Покойный муж не был настолько красив, как этот Вериго. Но он был крепок, с проницательным гордым взглядом и с царственным изяществом в движениях, обладал благородными чертами лица и решительно привлекал внимание в обществе. Всегда. Ему это нравилось. В отличие от самой Марлин.
— Когда же ты выскочила замуж за Феликса?
— В девятнадцать.
— Шустрая какая.
Марлин пожала плечами, водя пальцем по краю теплой чашки.
Время позднее. Часы показывают полдесятого вечера — стоят в углу: величественные, потертые, с литыми стеклами и массивным пыльным маятником.

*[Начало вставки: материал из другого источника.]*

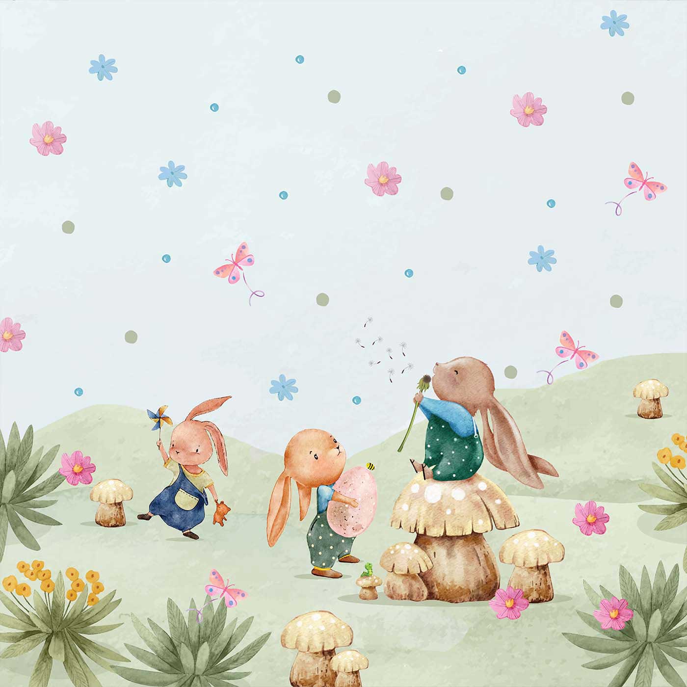 Turn your child’s room into a magical meadow with this cute kids wallpaper featuring three charming rabbits playing in an enchanted garden! One sweet bunny perches playfully on a mushroom while the others hop among blooming flowers and fluttering butterflies—all set in a lush, magical jungle filled with wonder and calm.The soft, storybook-style illustration and pastel tones create a peaceful, imaginative space that’s perfect for nurseries, playrooms, Montessori classrooms, playschools, and new baby room interiors. Ideal for both girls room wallpaper and boys room wallpaper, this delightful woodland design brings joy, nature, and a touch of fantasy to every corner.This wallpaper is fully customizable! Adjust the colors, layout, or scale of the design to suit your unique style and room size. Whether you’re decorating a cozy nursery nook or adding charm to an educational wall, this classic enchanting rabbit theme grows timelessly with your child.
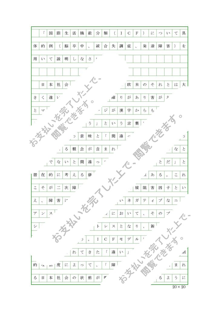 「国際生活機能分類(ICF)について具体的例(脳卒中、統合失調症、発達障害)を用いて説明しなさい。

Интересно, здесь всегда так пусто? Ни одного клиента. Притом что Марлин около часа не могла налюбоваться старинным английским стилем заведения. Однако — вместо голосов за соседними столами — раздается лишь глухое почикивание стрелок на циферблате.
— Просто влюбилась, — вполголоса заявила Марлин, прикусывая нижнюю губу. Она подняла голову в сторону Андриана. Тот поёрзал в кресле и, улыбнувшись, наклонился через стол поближе.
Парню явно не нравилось, когда кто-то подслушивает его разговоры, так что Марлин тоже склонилась. Хотя кого бояться? Официантов?
Он заглянул в ее серые глаза, и она слегка смутилась.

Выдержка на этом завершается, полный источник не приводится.